# TASK GOAL
The answer consists only of the lines from the beginning of the listing below to the line holding "8月11日,美国总统特朗普(中)在华盛顿白宫出席新闻发布会。新华社记者 胡友松 摄", inclusive, with every picture removed.

BEGIN

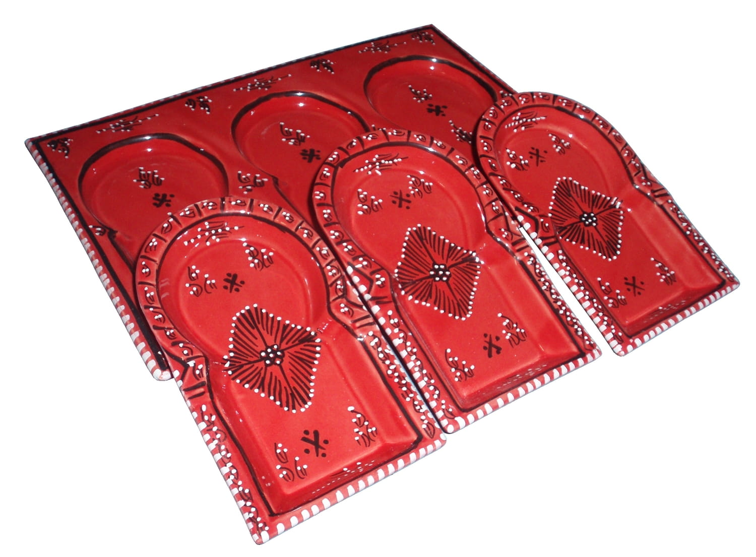 Ten ceramiczny komplet na przekąski zawiera aż 4 części: podstawkę (talerz o wymiarach 33/22cm), 3 prostokątne miseczki o wymiarach 17,5cm/10,5cm.
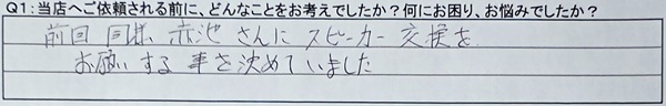 A1:前回同様、赤池さんにスピーカー交換をお願いする事を決めていました。
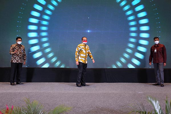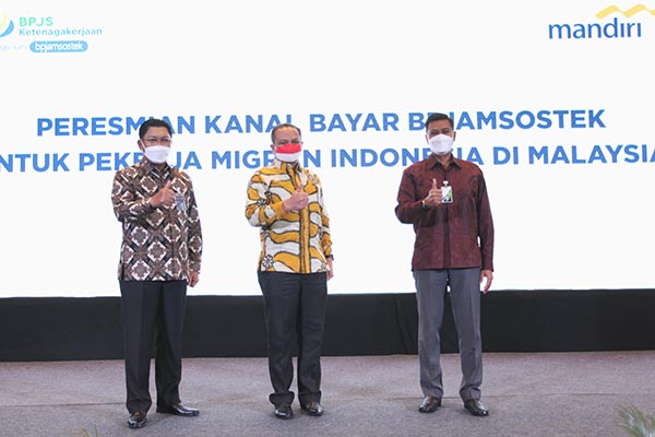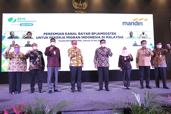Direktur Utama Bank Mandiri Darmawan Junaidi Bersama Sekretaris Utama Badan Pelindungan Pekerja Migran Indonesia (BP2MI) Tatang Budie Utama Razak dan Direktur Utama BPJAMSOSTEK Anggoro Eko Cahyo (kiri ke kanan) sedang berbincang usai meresmikan kanal pembayaran iuran BPJAMSOSTEK untuk PMI Malaysia di Jakarta, Kamis, 27 Mei 2021. Bank Mandiri melalui Mandiri International Remittance (MIR) melayani pembayaran iuran BPJAMSOSTEK bagi pekerja migran Indonesia (PMI) di Malaysia agar lebih mudah dan cepat. Caranya, PMI hanya perlu melakukan registrasi pada website BPJAMSOSTEK untuk mendapatkan kode pembayaran, lalu datang ke salah satu cabang MIR di Malaysia untuk melakukan pembayaran iuran.
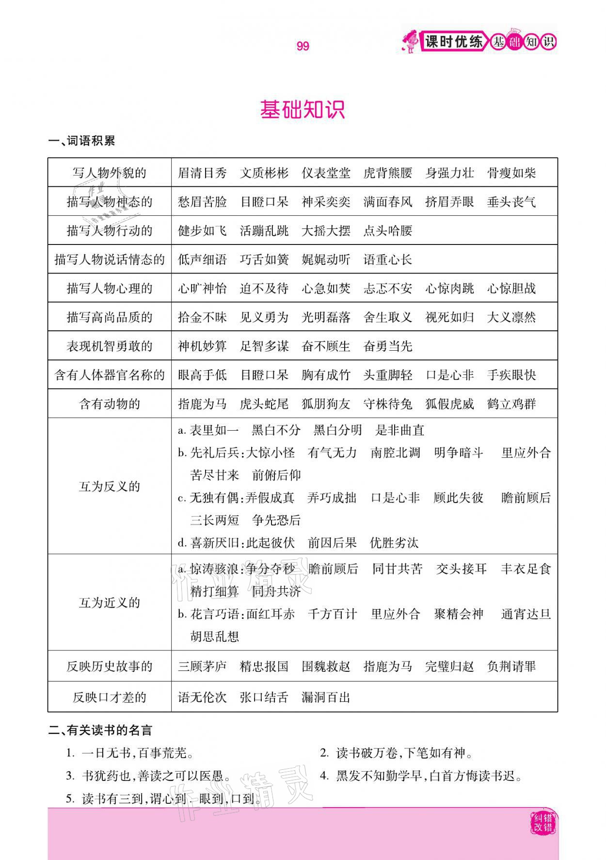 注:目前有些书本章节名称可能整理的还不是很完善,但都是按照顺序排列的,请同学们按照顺序仔细查找。练习册 2021年小学课时优练五年级语文下册部编版 答案主要是用来给同学们做完题方便对答案用的,请勿直接抄袭。
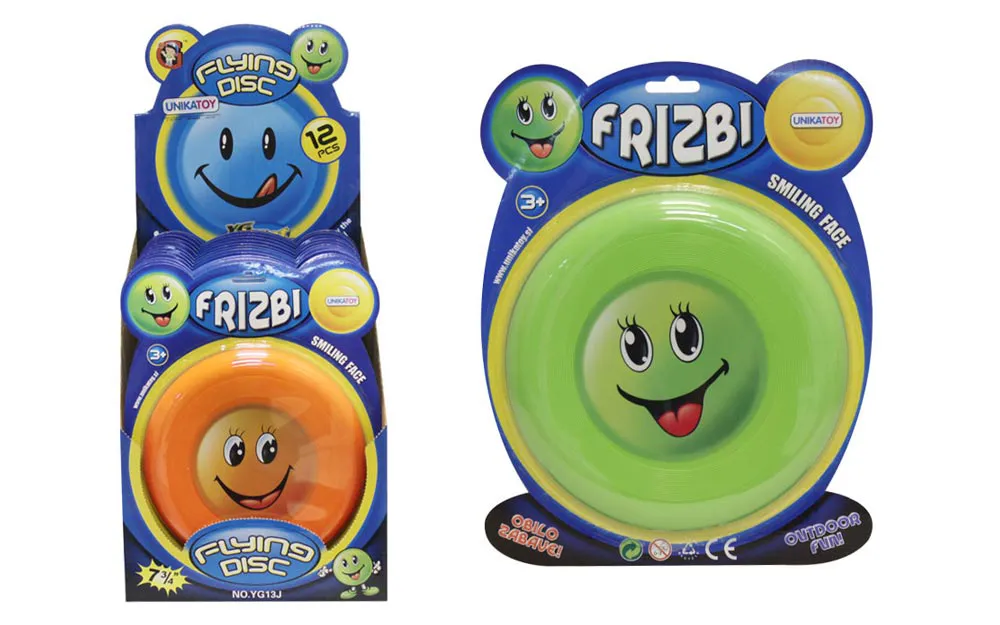 Za beskrajnu zabavu, tu je veseli Unikatoy frizbi promjera 20 centimetara, dostupan u crvenoj, žutoj, plavoj ili zelenoj boji.
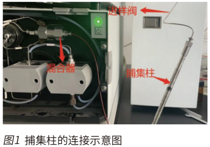 由于該類化合物為增塑劑,部分待測化合物會出現(xiàn)在液相色譜的管路中,形成本底干擾,故在泵的混合器出口后和自動進樣器的進樣閥前連接一根色譜柱作為捕集柱,可將溶劑中的干擾物與樣品瓶中待測物在分析色譜柱上分開,如右圖 1 所示。本方法一針進樣測定 6 種鄰苯二甲酸酯類化合物,圖 2 中展示了 6 種化合物的提取離子譜圖??梢姼鱾€化合物的峰型對稱,所有異構(gòu)體均取得良好的分離,并保證每個色譜峰上有足夠的采集點數(shù),以便獲得準(zhǔn)確的結(jié)果及優(yōu)異的重復(fù)性。
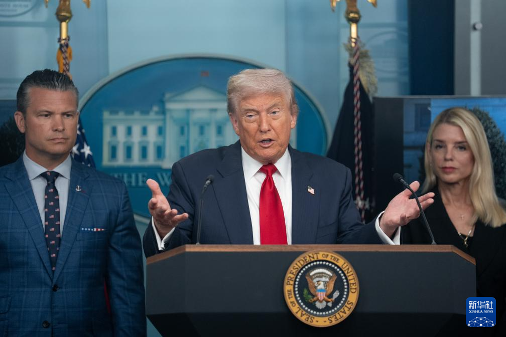 8月11日,美国总统特朗普(中)在华盛顿白宫出席新闻发布会。新华社记者 胡友松 摄
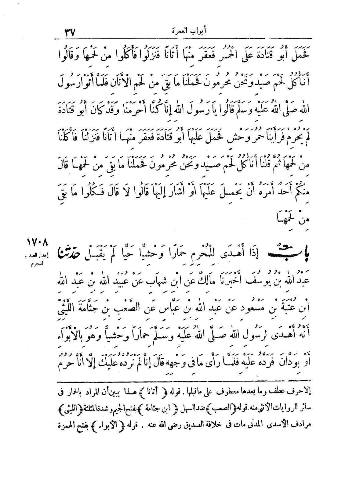 1708 - حَدَّثَنَا عَبْدُ اللَّهِ بْنُ يُوسُفَ أَخْبَرَنَا مَالِكٌ عَنْ ابْنِ شِهَابٍ عَنْ عُبَيْدِ اللَّهِ بْنِ عَبْدِ اللَّهِ بْنِ عُتْبَةَ بْنِ مَسْعُودٍ عَنْ عَبْدِ اللَّهِ بْنِ عَبَّاسٍ عَنْ الصَّعْبِ بْنِ جَثَّامَةَ اللَّيْثِيِّ أَنَّهُ أَهْدَى لِرَسُولِ اللَّهِ صَلَّى اللَّهُ عَلَيْهِ وَسَلَّمَ حِمَارًا وَحْشِيًّا وَهُوَ بِالْأَبْوَاءِ أَوْ بِوَدَّانَ فَرَدَّهُ عَلَيْهِ فَلَمَّا رَأَى مَا فِي وَجْهِهِ قَالَ إِنَّا لَمْ نَرُدَّهُ عَلَيْكَ إِلَّا أَنَّا حُرُمٌ
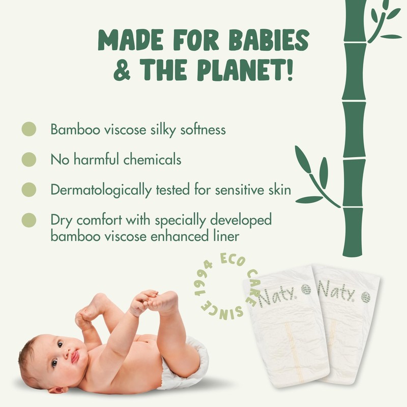 - SILKY SOFT BAMBOO VISCOSE DIAPERS: 100% natural bamboo viscose back sheet and specially developed bamboo viscose enhanced liner, for plant-based super softness and optimal dry comfort. Convenient wetness indicator to signal when it’s time for a change.
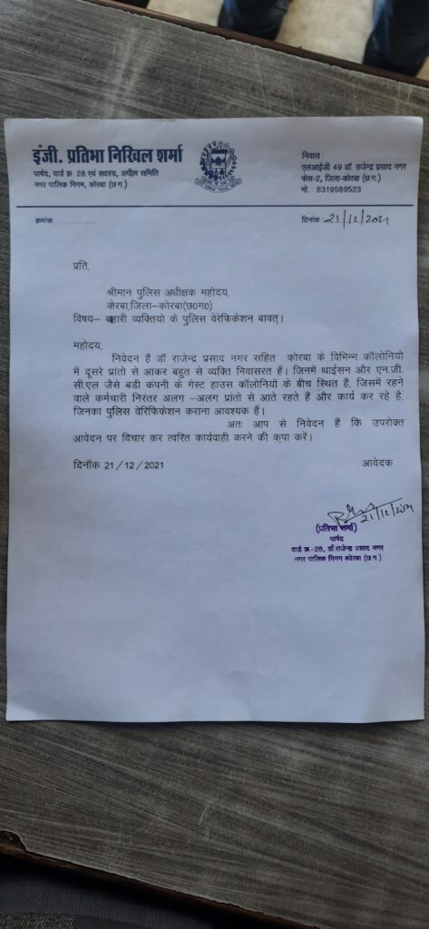 नमस्ते कोरबा :-: वार्ड क्रमांक 28 के पार्षद प्रतिभा निखिल शर्मा द्वारा कोरबा पुलिस अधीक्षक को लिखे आवेदन में कहा गया है कि कोरबा के विभिन्न संयंत्रों में दूसरे राज्यों से बड़ी संख्या में मजदूरों का आना जाना लगा हुआ है, जोकि थाईसन और एन जी सीएल जैसे बड़ी कंपनियों में कार्यरत हैं और जिनका गेस्ट हाउस शहर के विभिन्न इलाकों में बनी कॉलोनियों के मध्य में स्थित है, आवेदन में यह भी कहा गया है कि कोरोना के नए संक्रमण के मद्देनजर अगर एक भी मजदूर या अधिकारी कोरोना पॉजिटिव आता है तो पूरे कॉलोनी में संक्रमण का डर रहेगा, डॉ राजेंद्र प्रसाद नगर स्थित एक कंपनी के निजी गेस्ट हाउस में रह रहे कंपनी के युवाओं द्वारा कॉलोनी निवासियों को बेवजह का परेशान भी किया जा रहा है इन सब बातों को देखते हुए संयंत्रों में कार्यरत विभिन्न कंपनियों के सभी कामगारों का पुलिस वेरिफिकेशन जरूरी है जिससे कि भविष्य में कुछ अप्रिय घटना होने पर इन पर लगाम कसा जा सके
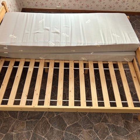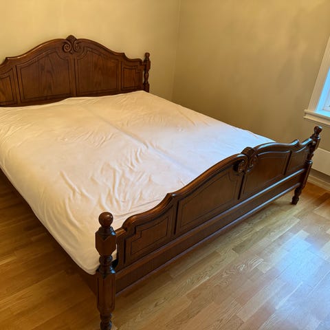 Buen Dobbelseng med utskjeringer og skuffer i enden 150cm bredde 2m lengde innvendig og 166cm x216cm utvendig Kr 5000,-
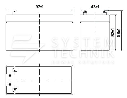- Срок хранения без подзаряда: 6 мес. при 25°C;
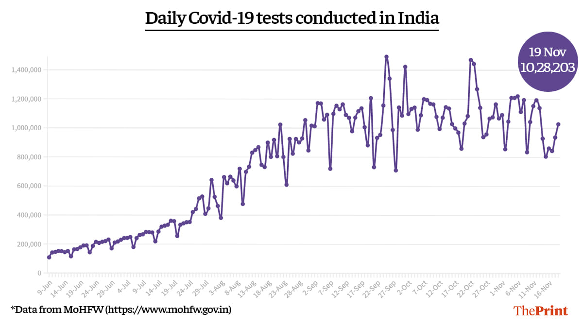 The number of tests conducted in the last 24 hours increased to over 10 lakh. Therefore, the number of daily cases detected increased as well.
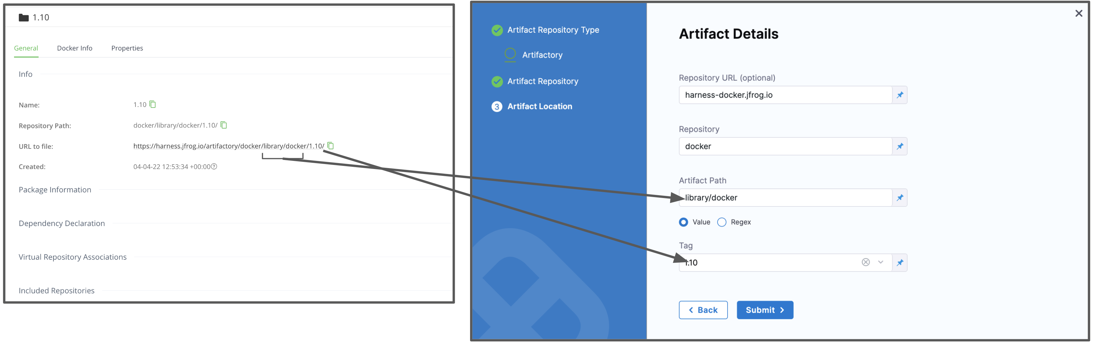 • Repository URL: Go to Artifactory Repository URL.
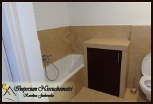 Łazienka wykończona jest płytkami ceramicznymi, wyposażona w wannę i kabinę prysznicową, szafki łazienkowe, obudowaną pralkę.
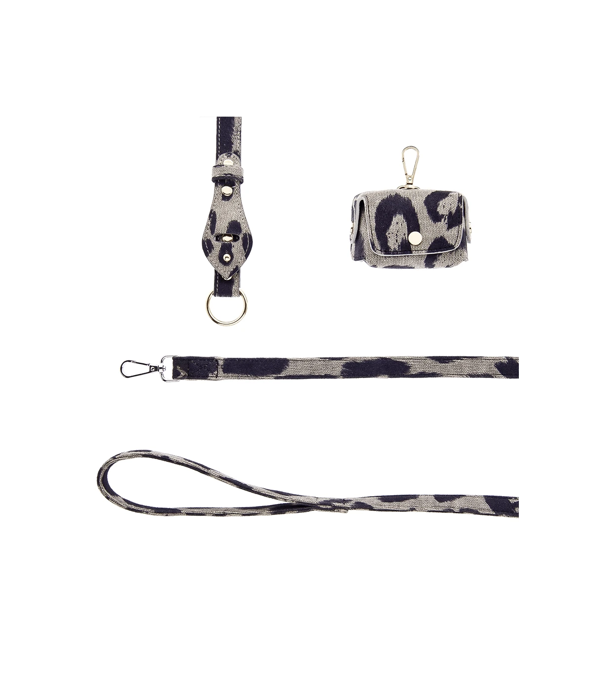 Complétez le look avec la laisse, le collier et la pochette ramasse crotte assortie !
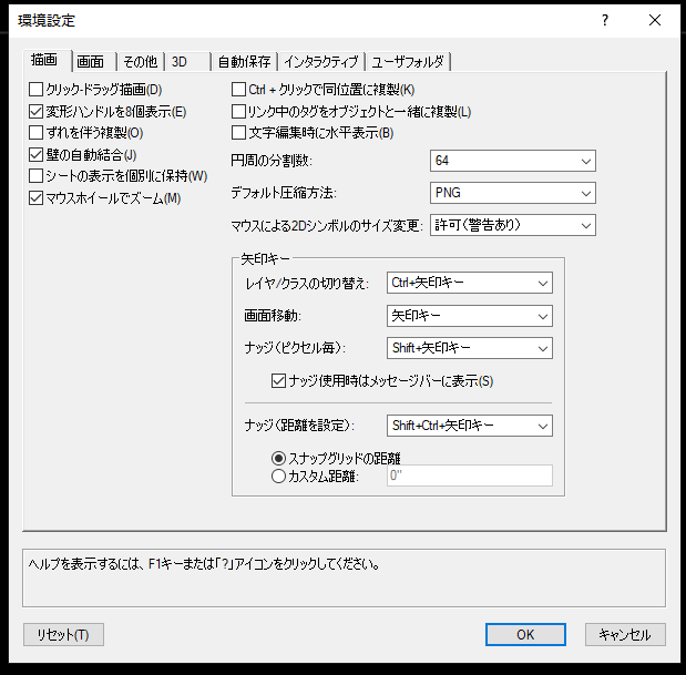 描画では、上記のようなマウスの動作の意味を設定します。マウスのスクロールでズームするのが邪魔な場合は、ここでチェックマークを外せばその動作はなくなります。
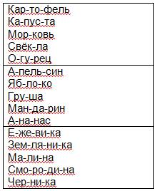 Раздели слова на слоги.
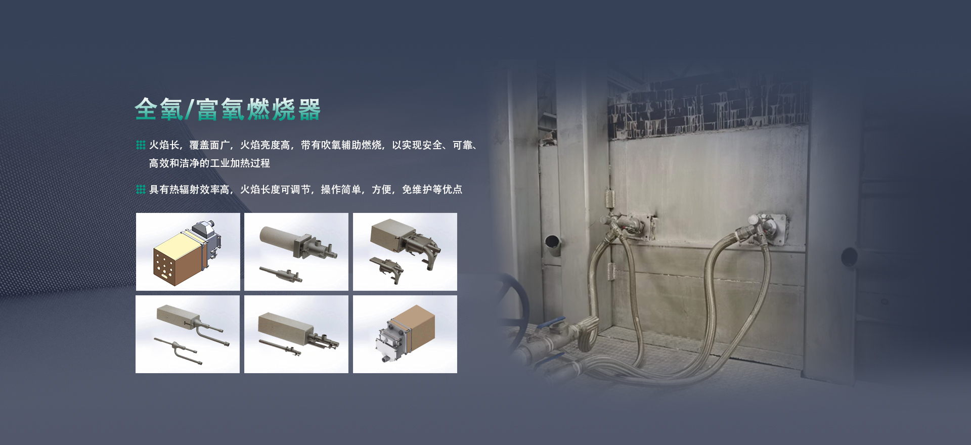 無錫杭控專注于燃燒設備的研發(fā)和設計,使得我們的產(chǎn)品組合不斷完善,產(chǎn)品包括天然氣+氧氣全氧燃燒系統(tǒng)、焦爐煤氣+氧氣全氧燃燒系統(tǒng)、石油焦粉+氧氣全氧燃燒系統(tǒng)、重油+氧氣全氧燃燒系統(tǒng)、油氣兩用全氧燃燒系統(tǒng)、富氧燃燒設備、天然氣還原系統(tǒng),低氮燃燒器、各種全氧燒嘴等。產(chǎn)品應用于玻璃、有色金屬冶煉、鋼鐵、搪瓷、建材、化工等工業(yè)加熱及助熔領域...
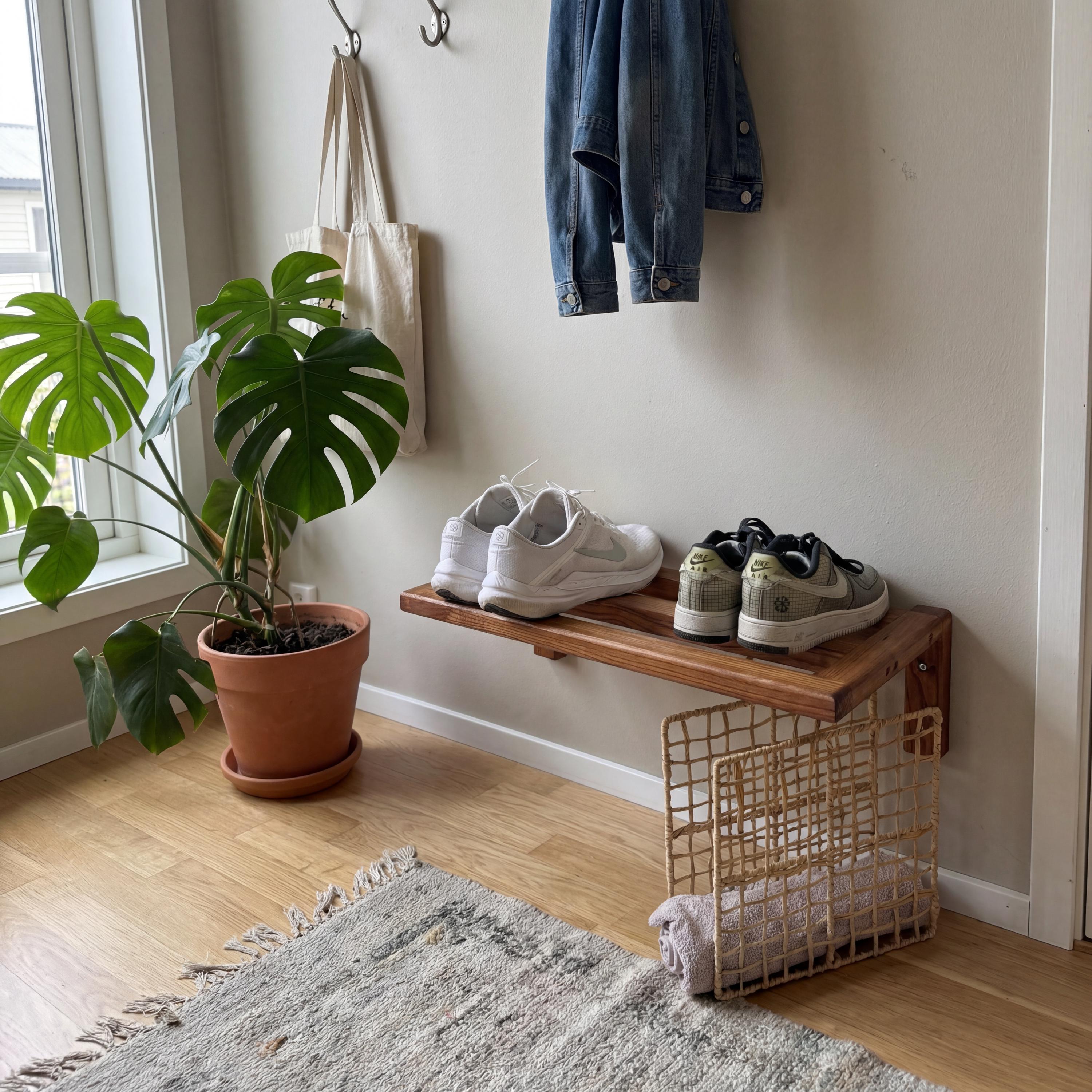 Handmade Solid Wood Floating Shoe Rack, Minimalist Entryway Shelf, ...
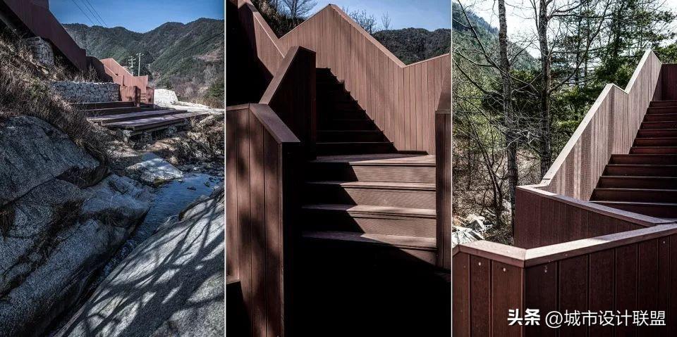 设计采取风景内化的策略,不仅是建立对于不利外部的防御性,反之也让被渗透的内部成为景观中一部分。同时民宿也为小镇提供了可共享的公共空间,造就了公共区与民宿之间特殊的流线关系和多样的游走体验。
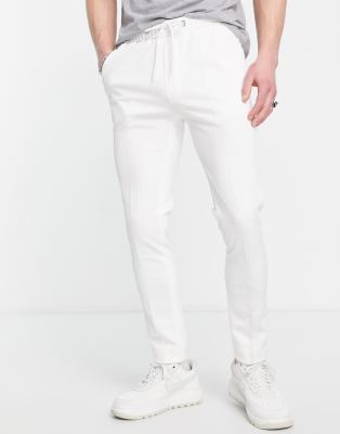 ASOS DESIGN skinny smart trackies in white texture

END

# SOLUTION
 Ten ceramiczny komplet na przekąski zawiera aż 4 części: podstawkę (talerz o wymiarach 33/22cm), 3 prostokątne miseczki o wymiarach 17,5cm/10,5cm.
 A1:前回同様、赤池さんにスピーカー交換をお願いする事を決めていました。
Direktur Utama Bank Mandiri Darmawan Junaidi Bersama Sekretaris Utama Badan Pelindungan Pekerja Migran Indonesia (BP2MI) Tatang Budie Utama Razak dan Direktur Utama BPJAMSOSTEK Anggoro Eko Cahyo (kiri ke kanan) sedang berbincang usai meresmikan kanal pembayaran iuran BPJAMSOSTEK untuk PMI Malaysia di Jakarta, Kamis, 27 Mei 2021. Bank Mandiri melalui Mandiri International Remittance (MIR) melayani pembayaran iuran BPJAMSOSTEK bagi pekerja migran Indonesia (PMI) di Malaysia agar lebih mudah dan cepat. Caranya, PMI hanya perlu melakukan registrasi pada website BPJAMSOSTEK untuk mendapatkan kode pembayaran, lalu datang ke salah satu cabang MIR di Malaysia untuk melakukan pembayaran iuran.
 注:目前有些书本章节名称可能整理的还不是很完善,但都是按照顺序排列的,请同学们按照顺序仔细查找。练习册 2021年小学课时优练五年级语文下册部编版 答案主要是用来给同学们做完题方便对答案用的,请勿直接抄袭。
 Za beskrajnu zabavu, tu je veseli Unikatoy frizbi promjera 20 centimetara, dostupan u crvenoj, žutoj, plavoj ili zelenoj boji.
 由于該類化合物為增塑劑,部分待測化合物會出現(xiàn)在液相色譜的管路中,形成本底干擾,故在泵的混合器出口后和自動進樣器的進樣閥前連接一根色譜柱作為捕集柱,可將溶劑中的干擾物與樣品瓶中待測物在分析色譜柱上分開,如右圖 1 所示。本方法一針進樣測定 6 種鄰苯二甲酸酯類化合物,圖 2 中展示了 6 種化合物的提取離子譜圖??梢姼鱾€化合物的峰型對稱,所有異構(gòu)體均取得良好的分離,并保證每個色譜峰上有足夠的采集點數(shù),以便獲得準(zhǔn)確的結(jié)果及優(yōu)異的重復(fù)性。
 8月11日,美国总统特朗普(中)在华盛顿白宫出席新闻发布会。新华社记者 胡友松 摄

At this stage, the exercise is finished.